Name - data source name. This name will be given to Controller Service in Nifi. This name can be used in application.properties to automatically provide the rest of the properties, e.g. Password, just like you would for other Nifi Controller Services
Description - any description
Datasource Connection URL - JDBC connection string. In this example we used Postgres connection string, you should of course replace this with connection string for your JDBC source
Datasource Driver Class Name - JDBC driver classname for the type of your store

Datasource Driver Location - this currently refers only to a location readable by Nifi. However refer to following table for complete list of locations and permissions where driver jar is expected by Kylo

Location	Purpose	Accessible by user
$NIFI_HOME/data/lib or any path accessible by NiFi	Needed by Nifi for the DBCPConnectionPool. The path might be erased at Nifi upgrade time.	nifi
$KYLO_HOME/kylo-services/plugin	Needed by Kylo in the schema discovery (Data Ingestion). Need to restart Kylo if added post-start	kylo
$KYLO_HOME/kylo-services/lib	Needed by Kylo wrangler (Visual Query / Data Transformation)	kylo

Datasource User - user name which will be used to access data
Password - password for datasource user
Test Connection - Kylo will create and test a new connection. Note that currently this only validates Kylo’s access to data store and does not validate Nifi’s access.
Kylo will display error messages here if connection test fails
Change Icon to select an icon for your data source
Save

Spark configuration¶

While using the Visual Query / Data Transformation, you will need to make available the datasource jar. Recommended is to keep the datasource jar with the application (Kylo/Nifi), and pass it along to spark.

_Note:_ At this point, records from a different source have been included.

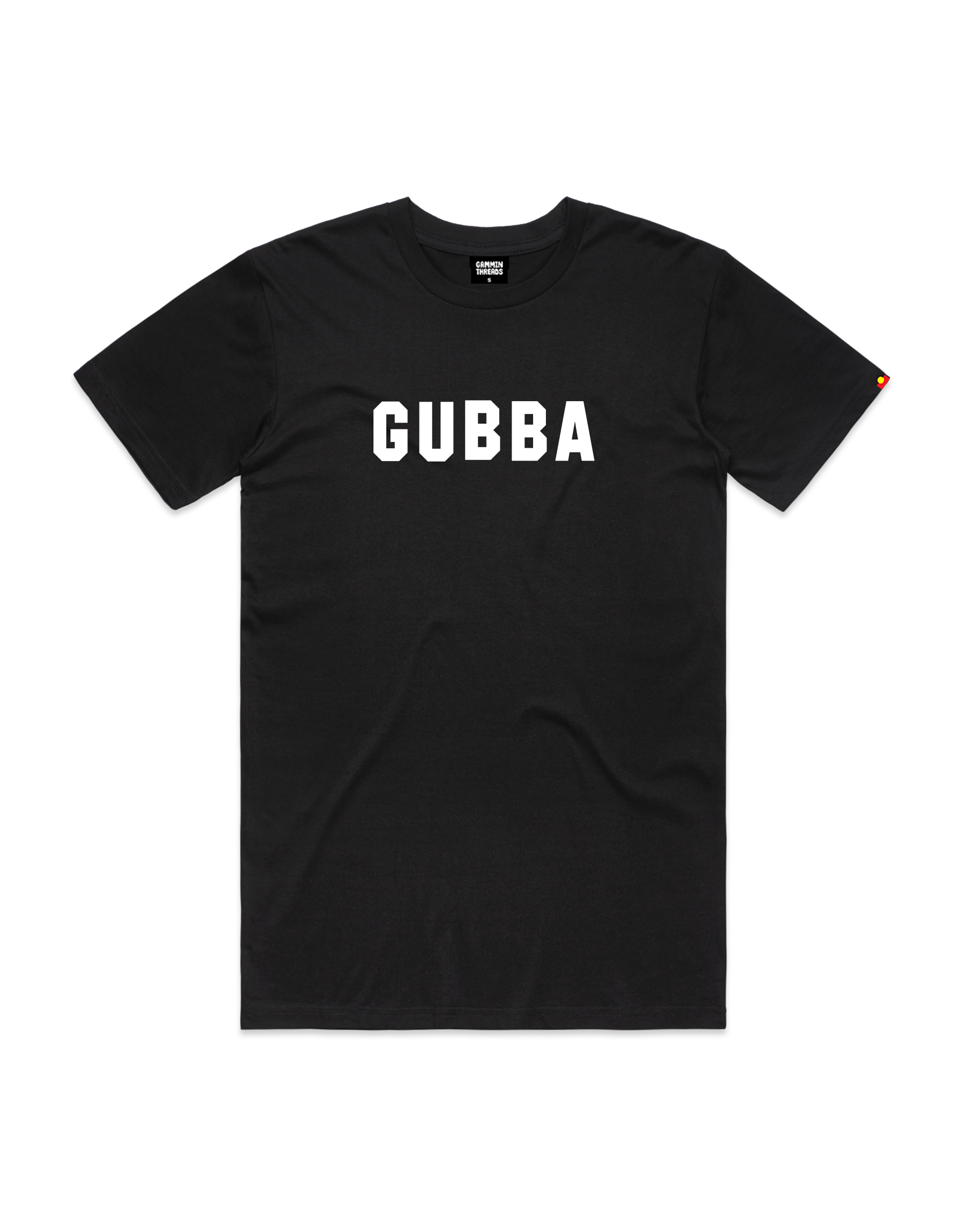 Historically used as a derogatory term, Gubba has been reclaimed here with humour and style. This tee is a way cooler, cheekier way of saying ally.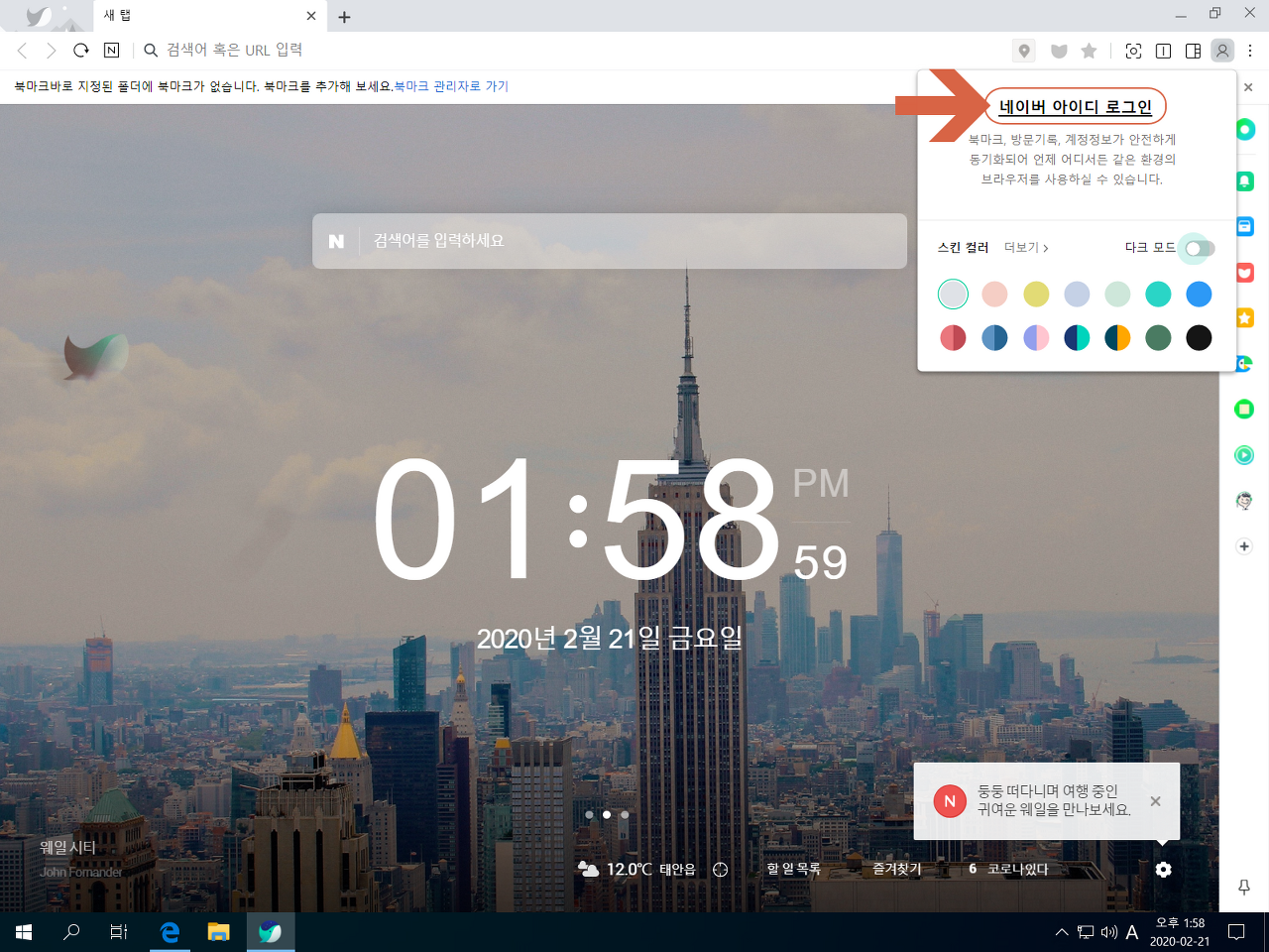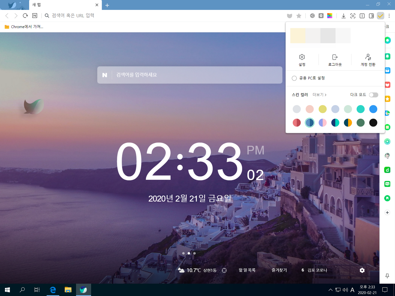 웨일 브라우저 스킨 컬러를 취향에 맞게 선택한 후 <완료>를 클릭합니다.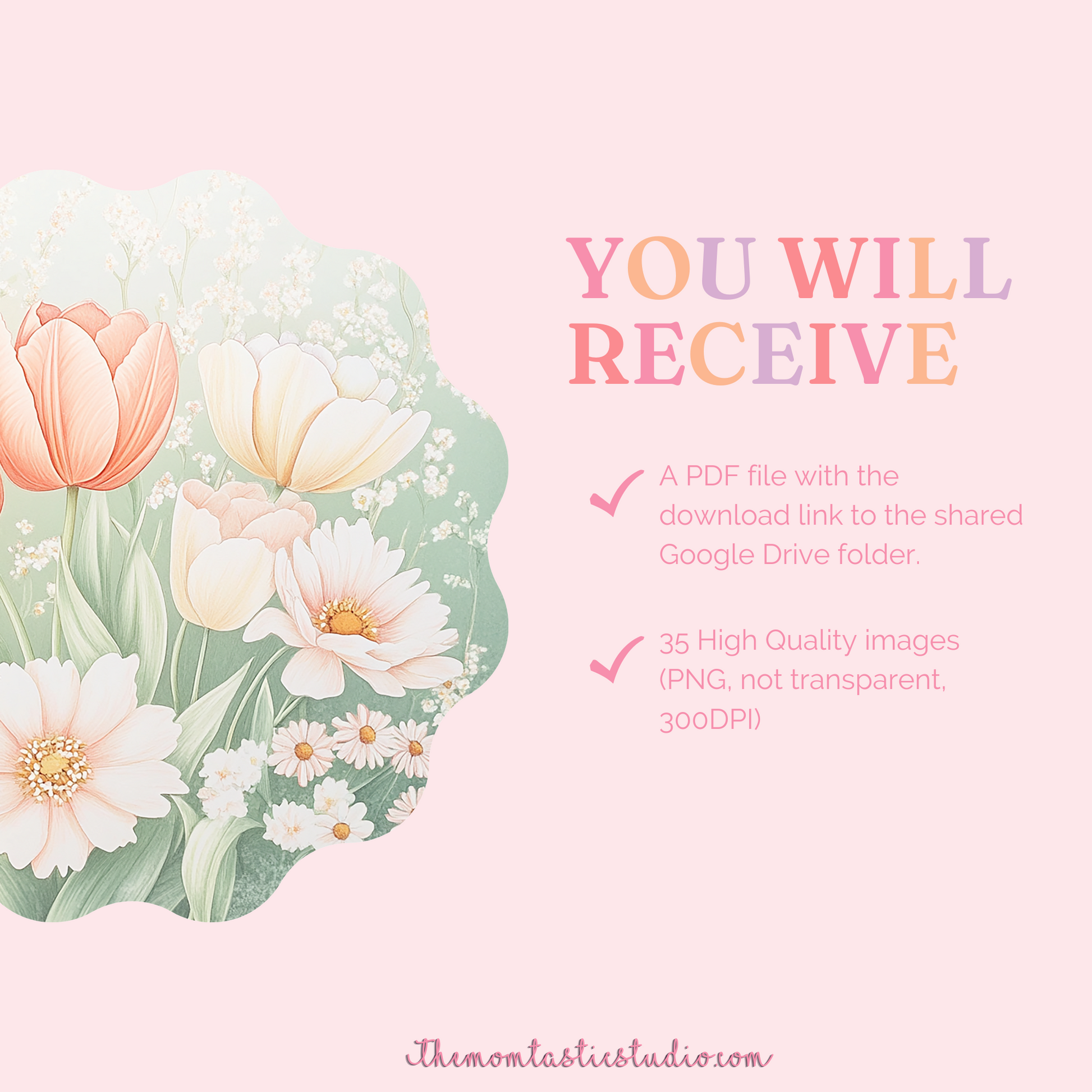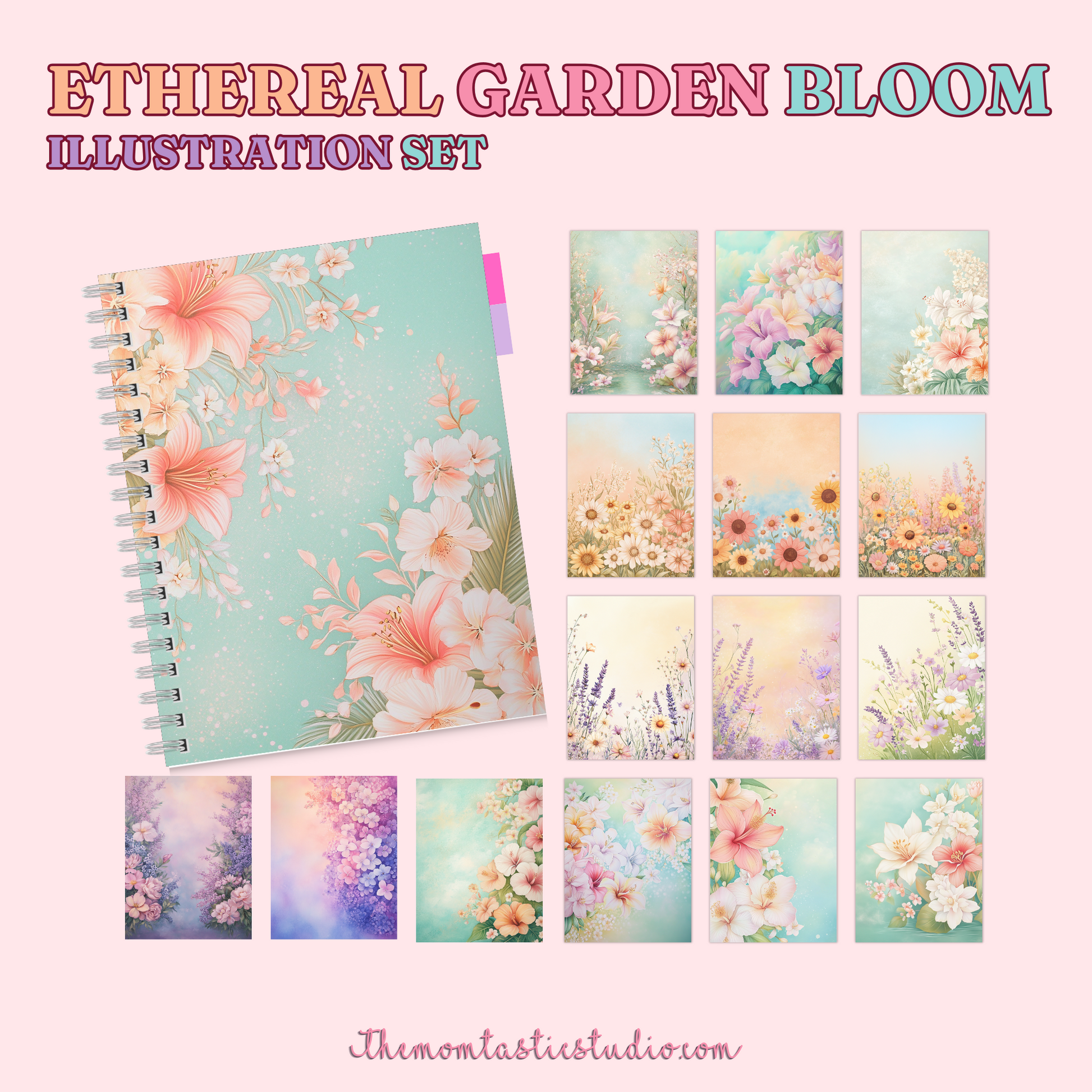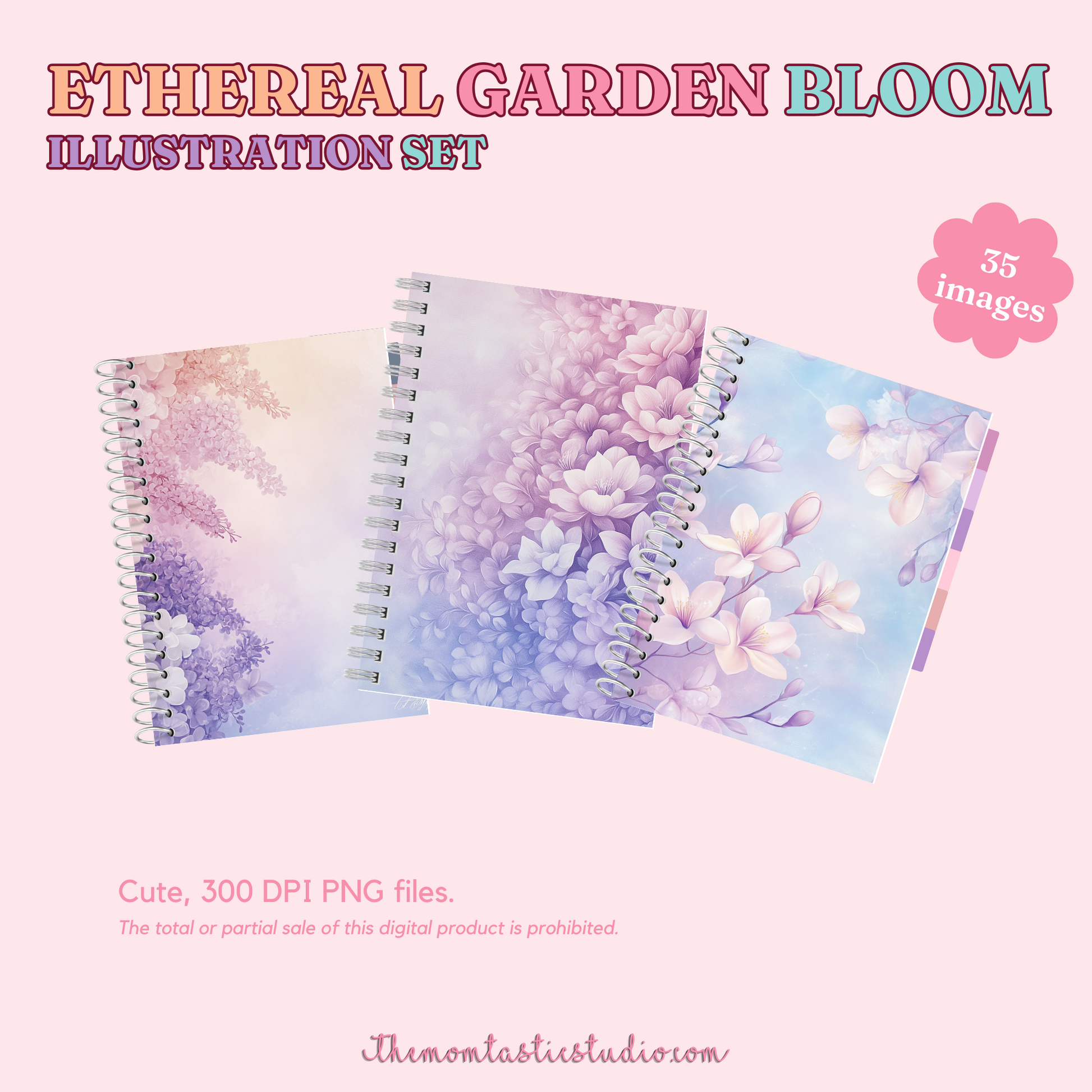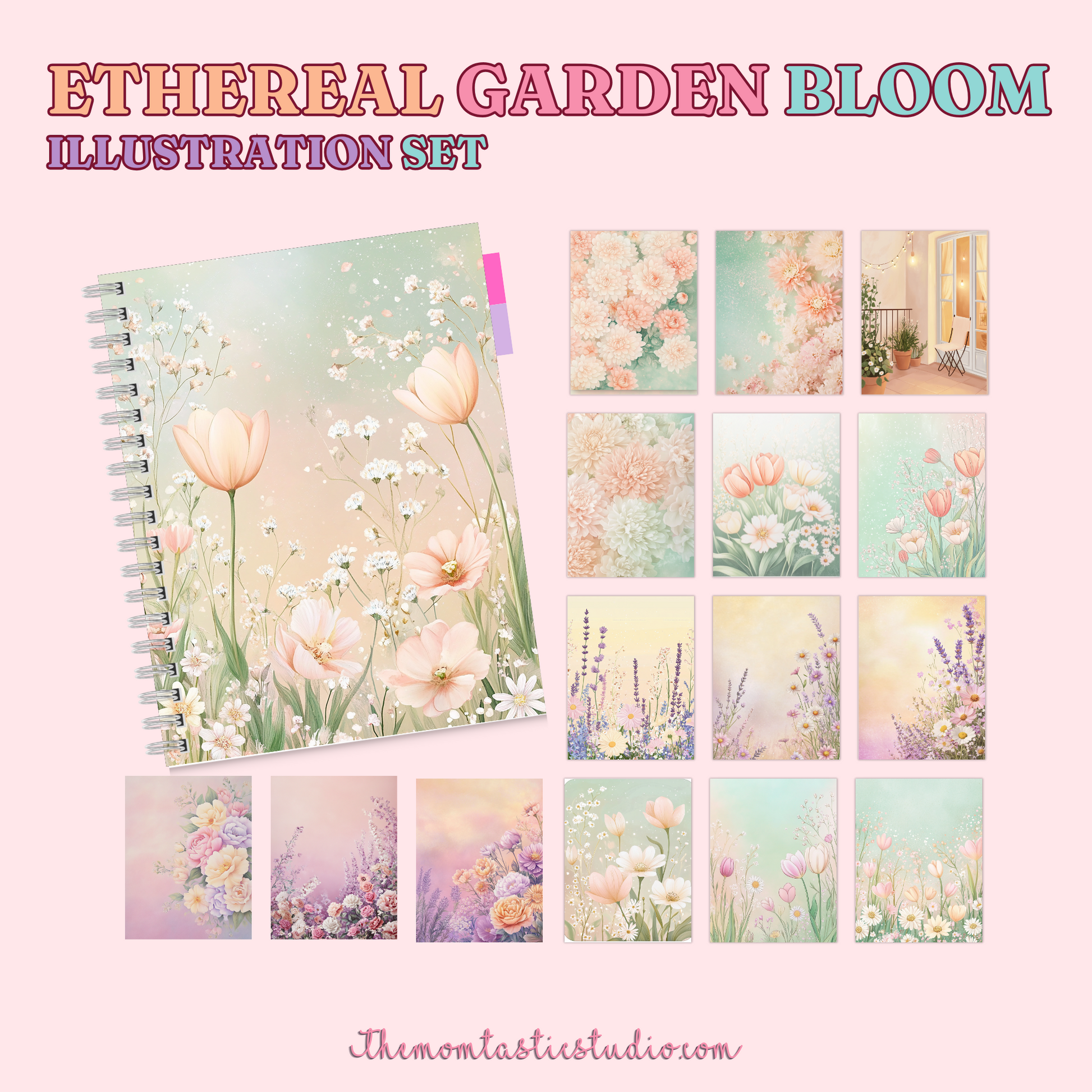 Ethereal Garden Bloom Illustration Set - 300 DPI – Instant Download – Commercial Use

Depending on the Spark setup (server mode or the others), you will need to do different changes.

Server mode / Sandbox¶

edit $KYLO_HOME/kylo-services/bin/run-kylo-spark-shell.sh
update KYLO_DRIVER_CLASS_PATH with the path to the datasource jar (can be under $NIFI_HOME)

OR (not so recommended)

update/append $SPARK_HOME/conf/spark-defaults.conf with the path value. Values can be appended with “:” .This file should be referenced by spark-submit, or it’s referenced by /opt/kylo/kylo-services/bin/run-kylo-spark-shell.sh, which passes the values like spark-submit … –driver-class-path /path-to-oracle-jdbc/:/path-to-other-jars/

Non-server mode¶

edit $KYLO_HOME/kylo-services/spark.properties
add to spark.shell.sparkArgs the –jar /path-to-datasource-jdbc/

You can find more information here

Configuration examples¶

Oracle¶

Database Connection URL = jdbc:oracle:thin:@oracle:1521
Database Driver Class Name =  oracle.jdbc.OracleDriver
User = <user>
Password = <password>
Database Driver Location = /opt/nifi/oracle/oracle-jdbc.jar (needs to be accesible by Nifi)

Note

Oracle tables are only in UPPERCASE

MariaDB / MySQL¶

Database Connection URL = jdbc:mariadb://mariadb:3306
Database Driver Class Name =  org.mariadb.jdbc.Driver
User = <user>
Password = <password>
Database Driver Location = /opt/nifi/mysql/maria-jdbc.jar (needs to be accesible by Nifi)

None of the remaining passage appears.